PROVIDED RECORDS: Begin
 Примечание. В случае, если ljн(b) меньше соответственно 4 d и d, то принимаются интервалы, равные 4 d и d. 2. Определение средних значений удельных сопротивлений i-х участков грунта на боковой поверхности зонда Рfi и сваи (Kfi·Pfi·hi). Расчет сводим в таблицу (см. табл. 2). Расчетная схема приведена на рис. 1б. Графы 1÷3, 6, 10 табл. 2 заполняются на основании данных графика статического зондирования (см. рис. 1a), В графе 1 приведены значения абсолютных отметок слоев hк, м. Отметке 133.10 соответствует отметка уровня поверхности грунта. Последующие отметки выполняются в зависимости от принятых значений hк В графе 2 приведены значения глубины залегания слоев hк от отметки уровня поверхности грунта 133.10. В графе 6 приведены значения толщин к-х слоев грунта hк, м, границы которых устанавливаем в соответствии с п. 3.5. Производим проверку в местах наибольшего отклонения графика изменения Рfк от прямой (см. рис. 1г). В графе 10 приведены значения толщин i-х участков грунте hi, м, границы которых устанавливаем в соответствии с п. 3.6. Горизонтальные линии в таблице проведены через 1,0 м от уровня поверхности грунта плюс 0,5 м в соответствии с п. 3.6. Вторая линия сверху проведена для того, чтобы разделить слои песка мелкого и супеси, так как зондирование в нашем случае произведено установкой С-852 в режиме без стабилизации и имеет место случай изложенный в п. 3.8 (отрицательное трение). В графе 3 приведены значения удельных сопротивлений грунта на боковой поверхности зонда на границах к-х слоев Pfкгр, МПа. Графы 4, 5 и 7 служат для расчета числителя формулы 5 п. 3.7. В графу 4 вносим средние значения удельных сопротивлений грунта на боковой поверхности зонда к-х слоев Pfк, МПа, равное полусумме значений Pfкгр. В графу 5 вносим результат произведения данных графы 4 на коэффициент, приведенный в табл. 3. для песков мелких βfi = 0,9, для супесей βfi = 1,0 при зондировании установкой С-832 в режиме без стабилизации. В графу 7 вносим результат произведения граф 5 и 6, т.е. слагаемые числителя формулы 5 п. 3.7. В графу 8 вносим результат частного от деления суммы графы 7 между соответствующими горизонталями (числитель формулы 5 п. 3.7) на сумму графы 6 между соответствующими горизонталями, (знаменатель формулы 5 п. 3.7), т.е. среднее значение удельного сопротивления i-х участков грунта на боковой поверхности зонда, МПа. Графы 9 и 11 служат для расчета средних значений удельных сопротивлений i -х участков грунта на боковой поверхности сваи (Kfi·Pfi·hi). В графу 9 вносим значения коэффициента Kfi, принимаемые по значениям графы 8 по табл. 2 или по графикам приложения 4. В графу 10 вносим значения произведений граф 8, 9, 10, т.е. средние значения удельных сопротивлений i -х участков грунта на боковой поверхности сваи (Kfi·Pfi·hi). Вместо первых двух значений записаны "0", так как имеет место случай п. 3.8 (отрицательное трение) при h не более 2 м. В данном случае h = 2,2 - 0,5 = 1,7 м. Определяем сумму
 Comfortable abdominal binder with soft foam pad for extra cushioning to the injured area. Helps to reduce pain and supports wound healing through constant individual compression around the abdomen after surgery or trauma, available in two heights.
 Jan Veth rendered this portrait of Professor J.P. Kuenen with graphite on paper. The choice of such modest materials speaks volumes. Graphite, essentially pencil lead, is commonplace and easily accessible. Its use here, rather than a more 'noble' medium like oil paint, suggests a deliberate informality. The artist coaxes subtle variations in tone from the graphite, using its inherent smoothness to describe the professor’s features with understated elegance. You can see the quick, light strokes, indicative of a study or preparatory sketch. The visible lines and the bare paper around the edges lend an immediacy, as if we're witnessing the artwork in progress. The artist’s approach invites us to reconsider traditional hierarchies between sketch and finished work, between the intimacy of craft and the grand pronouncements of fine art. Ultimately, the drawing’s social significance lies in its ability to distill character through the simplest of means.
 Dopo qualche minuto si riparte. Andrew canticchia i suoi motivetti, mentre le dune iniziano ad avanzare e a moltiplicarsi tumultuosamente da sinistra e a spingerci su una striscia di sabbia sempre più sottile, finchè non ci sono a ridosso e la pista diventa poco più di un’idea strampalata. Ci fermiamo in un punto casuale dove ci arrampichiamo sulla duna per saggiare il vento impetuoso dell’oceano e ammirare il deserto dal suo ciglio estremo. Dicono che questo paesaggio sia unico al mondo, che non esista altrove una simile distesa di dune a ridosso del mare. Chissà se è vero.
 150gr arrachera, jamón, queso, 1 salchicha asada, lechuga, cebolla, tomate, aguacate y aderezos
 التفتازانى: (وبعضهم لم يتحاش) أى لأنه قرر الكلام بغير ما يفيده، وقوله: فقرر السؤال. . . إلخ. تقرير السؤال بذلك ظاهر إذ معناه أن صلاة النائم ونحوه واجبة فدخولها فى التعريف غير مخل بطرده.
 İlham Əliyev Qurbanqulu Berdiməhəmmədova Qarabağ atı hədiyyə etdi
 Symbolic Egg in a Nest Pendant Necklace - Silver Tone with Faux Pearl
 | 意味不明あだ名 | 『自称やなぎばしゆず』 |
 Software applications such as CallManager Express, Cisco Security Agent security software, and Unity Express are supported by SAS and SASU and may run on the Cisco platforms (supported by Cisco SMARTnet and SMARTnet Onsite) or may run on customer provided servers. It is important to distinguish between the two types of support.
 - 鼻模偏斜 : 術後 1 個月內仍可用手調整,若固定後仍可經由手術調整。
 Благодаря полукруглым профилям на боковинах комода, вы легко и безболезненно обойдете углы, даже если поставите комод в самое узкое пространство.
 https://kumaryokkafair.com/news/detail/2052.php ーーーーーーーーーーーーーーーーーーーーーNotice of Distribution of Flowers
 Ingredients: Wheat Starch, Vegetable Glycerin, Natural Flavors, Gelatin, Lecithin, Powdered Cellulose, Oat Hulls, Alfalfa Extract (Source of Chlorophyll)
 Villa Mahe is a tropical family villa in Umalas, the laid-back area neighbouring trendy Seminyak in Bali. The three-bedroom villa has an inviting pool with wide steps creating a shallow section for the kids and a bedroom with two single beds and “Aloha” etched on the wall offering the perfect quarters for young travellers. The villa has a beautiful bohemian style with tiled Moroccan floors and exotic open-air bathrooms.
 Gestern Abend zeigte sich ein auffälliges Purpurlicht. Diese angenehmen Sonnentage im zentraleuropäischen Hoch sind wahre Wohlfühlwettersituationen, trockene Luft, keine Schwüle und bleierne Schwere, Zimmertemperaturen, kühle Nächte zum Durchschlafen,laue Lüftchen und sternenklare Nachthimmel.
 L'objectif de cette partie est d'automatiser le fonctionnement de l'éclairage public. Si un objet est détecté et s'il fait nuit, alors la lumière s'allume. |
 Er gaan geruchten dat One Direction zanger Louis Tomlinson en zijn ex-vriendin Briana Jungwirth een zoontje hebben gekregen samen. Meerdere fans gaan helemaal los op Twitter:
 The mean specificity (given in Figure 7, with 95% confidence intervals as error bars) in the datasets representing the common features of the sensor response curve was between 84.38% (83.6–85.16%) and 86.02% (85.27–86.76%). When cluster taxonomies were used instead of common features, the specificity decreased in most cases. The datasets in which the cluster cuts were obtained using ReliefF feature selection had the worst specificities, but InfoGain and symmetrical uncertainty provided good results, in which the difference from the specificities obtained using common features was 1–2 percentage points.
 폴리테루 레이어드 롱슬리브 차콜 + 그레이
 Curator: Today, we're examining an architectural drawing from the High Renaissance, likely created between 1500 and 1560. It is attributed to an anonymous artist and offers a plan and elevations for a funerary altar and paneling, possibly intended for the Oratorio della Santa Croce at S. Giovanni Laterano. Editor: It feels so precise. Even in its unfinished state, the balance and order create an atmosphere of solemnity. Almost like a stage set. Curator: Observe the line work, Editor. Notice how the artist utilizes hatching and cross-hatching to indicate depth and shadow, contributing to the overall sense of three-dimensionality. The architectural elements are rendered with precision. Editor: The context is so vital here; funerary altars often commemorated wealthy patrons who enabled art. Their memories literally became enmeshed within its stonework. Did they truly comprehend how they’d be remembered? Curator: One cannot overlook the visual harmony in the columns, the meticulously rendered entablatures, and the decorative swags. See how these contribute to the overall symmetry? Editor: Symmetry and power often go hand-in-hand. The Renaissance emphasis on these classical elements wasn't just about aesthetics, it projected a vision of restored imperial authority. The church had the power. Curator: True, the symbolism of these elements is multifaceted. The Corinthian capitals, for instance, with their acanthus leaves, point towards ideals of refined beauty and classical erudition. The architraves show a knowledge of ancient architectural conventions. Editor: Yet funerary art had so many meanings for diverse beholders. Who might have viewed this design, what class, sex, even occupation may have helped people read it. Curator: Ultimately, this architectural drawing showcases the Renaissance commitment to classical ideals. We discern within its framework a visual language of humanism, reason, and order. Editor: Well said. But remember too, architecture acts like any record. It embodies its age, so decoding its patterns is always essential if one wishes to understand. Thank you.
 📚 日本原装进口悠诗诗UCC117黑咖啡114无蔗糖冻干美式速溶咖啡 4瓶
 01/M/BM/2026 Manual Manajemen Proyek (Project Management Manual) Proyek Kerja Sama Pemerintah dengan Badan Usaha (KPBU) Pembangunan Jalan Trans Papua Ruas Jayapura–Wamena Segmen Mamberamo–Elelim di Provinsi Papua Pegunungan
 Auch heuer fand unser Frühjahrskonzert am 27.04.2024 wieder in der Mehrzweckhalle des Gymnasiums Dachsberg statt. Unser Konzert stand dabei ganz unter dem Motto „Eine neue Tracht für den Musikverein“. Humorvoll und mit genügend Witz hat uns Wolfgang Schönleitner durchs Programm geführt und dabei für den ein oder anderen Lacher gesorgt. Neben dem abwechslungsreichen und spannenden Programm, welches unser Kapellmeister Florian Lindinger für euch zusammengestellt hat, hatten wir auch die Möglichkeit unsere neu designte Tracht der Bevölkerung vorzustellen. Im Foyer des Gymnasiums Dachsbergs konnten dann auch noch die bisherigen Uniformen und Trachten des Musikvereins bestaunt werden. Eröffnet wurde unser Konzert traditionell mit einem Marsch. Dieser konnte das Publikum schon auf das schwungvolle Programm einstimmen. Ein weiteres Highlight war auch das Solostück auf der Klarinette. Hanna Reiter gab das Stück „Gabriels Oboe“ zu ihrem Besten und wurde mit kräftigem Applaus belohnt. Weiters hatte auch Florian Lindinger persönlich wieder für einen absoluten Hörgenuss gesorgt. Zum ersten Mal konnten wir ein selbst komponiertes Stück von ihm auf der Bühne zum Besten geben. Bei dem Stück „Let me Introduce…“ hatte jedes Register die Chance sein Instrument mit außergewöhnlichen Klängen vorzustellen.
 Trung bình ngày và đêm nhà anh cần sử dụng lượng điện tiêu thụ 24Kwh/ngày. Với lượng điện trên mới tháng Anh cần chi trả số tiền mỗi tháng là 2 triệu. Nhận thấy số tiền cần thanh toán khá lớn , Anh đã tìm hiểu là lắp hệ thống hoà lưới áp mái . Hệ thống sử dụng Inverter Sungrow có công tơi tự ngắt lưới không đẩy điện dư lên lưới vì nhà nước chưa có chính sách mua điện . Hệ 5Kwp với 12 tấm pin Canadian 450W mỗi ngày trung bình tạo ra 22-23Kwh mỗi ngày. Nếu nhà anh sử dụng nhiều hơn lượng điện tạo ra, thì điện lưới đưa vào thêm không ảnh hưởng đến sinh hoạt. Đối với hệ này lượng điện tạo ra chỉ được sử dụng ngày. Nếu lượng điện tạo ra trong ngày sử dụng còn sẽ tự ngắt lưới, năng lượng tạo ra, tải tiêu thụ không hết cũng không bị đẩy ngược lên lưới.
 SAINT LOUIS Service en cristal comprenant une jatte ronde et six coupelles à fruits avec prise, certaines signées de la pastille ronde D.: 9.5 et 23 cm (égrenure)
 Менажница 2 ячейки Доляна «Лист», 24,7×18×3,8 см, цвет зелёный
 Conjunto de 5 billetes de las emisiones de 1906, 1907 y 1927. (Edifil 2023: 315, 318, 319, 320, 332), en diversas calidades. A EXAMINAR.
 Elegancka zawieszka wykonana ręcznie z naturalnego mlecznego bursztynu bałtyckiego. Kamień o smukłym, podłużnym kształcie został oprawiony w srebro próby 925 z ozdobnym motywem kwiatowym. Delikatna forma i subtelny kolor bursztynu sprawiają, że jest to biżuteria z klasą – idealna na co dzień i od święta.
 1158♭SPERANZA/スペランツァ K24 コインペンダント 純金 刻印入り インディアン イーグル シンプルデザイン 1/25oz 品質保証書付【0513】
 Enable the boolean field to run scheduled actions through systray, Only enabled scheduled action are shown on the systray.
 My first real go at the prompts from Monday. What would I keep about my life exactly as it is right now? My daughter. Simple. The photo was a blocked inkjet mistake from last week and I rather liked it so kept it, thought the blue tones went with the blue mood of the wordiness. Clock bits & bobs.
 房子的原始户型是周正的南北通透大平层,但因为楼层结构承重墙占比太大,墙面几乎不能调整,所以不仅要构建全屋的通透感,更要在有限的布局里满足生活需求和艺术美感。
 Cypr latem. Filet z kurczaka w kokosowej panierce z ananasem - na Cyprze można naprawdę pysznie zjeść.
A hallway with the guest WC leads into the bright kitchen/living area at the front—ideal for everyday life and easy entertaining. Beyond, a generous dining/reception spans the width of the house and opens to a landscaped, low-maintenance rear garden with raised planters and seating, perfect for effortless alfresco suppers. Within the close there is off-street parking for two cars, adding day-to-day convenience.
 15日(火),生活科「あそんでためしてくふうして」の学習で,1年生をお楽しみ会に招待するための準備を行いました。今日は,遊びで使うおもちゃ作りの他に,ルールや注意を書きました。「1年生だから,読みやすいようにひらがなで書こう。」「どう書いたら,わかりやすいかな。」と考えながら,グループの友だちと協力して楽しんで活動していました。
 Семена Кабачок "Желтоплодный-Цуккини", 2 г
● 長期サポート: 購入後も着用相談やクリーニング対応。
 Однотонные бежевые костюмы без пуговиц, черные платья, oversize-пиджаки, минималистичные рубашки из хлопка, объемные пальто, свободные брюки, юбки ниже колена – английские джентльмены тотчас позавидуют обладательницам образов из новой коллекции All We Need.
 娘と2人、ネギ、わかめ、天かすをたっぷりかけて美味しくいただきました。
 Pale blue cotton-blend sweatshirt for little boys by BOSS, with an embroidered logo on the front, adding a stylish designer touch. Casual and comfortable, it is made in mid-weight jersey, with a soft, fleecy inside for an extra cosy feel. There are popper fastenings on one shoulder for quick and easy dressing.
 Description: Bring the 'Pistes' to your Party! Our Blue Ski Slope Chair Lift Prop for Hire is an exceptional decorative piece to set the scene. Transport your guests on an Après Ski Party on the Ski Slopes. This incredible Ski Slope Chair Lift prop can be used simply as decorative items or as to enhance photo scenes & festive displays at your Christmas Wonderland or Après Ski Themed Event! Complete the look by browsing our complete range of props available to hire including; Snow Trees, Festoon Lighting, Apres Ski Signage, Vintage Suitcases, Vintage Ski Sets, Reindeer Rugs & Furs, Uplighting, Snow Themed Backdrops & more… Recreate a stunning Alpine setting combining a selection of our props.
PROVIDED RECORDS: End
→ **AIM OF THE TASK**: The reply must consist solely of the lines from the one containing "房子的原始户型是周正的南北通" through the last line of the data, reproduced exactly.

→ **EXPECTED ANSWER**:
 房子的原始户型是周正的南北通透大平层,但因为楼层结构承重墙占比太大,墙面几乎不能调整,所以不仅要构建全屋的通透感,更要在有限的布局里满足生活需求和艺术美感。
 Cypr latem. Filet z kurczaka w kokosowej panierce z ananasem - na Cyprze można naprawdę pysznie zjeść.
A hallway with the guest WC leads into the bright kitchen/living area at the front—ideal for everyday life and easy entertaining. Beyond, a generous dining/reception spans the width of the house and opens to a landscaped, low-maintenance rear garden with raised planters and seating, perfect for effortless alfresco suppers. Within the close there is off-street parking for two cars, adding day-to-day convenience.
 15日(火),生活科「あそんでためしてくふうして」の学習で,1年生をお楽しみ会に招待するための準備を行いました。今日は,遊びで使うおもちゃ作りの他に,ルールや注意を書きました。「1年生だから,読みやすいようにひらがなで書こう。」「どう書いたら,わかりやすいかな。」と考えながら,グループの友だちと協力して楽しんで活動していました。
 Семена Кабачок "Желтоплодный-Цуккини", 2 г
● 長期サポート: 購入後も着用相談やクリーニング対応。
 Однотонные бежевые костюмы без пуговиц, черные платья, oversize-пиджаки, минималистичные рубашки из хлопка, объемные пальто, свободные брюки, юбки ниже колена – английские джентльмены тотчас позавидуют обладательницам образов из новой коллекции All We Need.
 娘と2人、ネギ、わかめ、天かすをたっぷりかけて美味しくいただきました。
 Pale blue cotton-blend sweatshirt for little boys by BOSS, with an embroidered logo on the front, adding a stylish designer touch. Casual and comfortable, it is made in mid-weight jersey, with a soft, fleecy inside for an extra cosy feel. There are popper fastenings on one shoulder for quick and easy dressing.
 Description: Bring the 'Pistes' to your Party! Our Blue Ski Slope Chair Lift Prop for Hire is an exceptional decorative piece to set the scene. Transport your guests on an Après Ski Party on the Ski Slopes. This incredible Ski Slope Chair Lift prop can be used simply as decorative items or as to enhance photo scenes & festive displays at your Christmas Wonderland or Après Ski Themed Event! Complete the look by browsing our complete range of props available to hire including; Snow Trees, Festoon Lighting, Apres Ski Signage, Vintage Suitcases, Vintage Ski Sets, Reindeer Rugs & Furs, Uplighting, Snow Themed Backdrops & more… Recreate a stunning Alpine setting combining a selection of our props.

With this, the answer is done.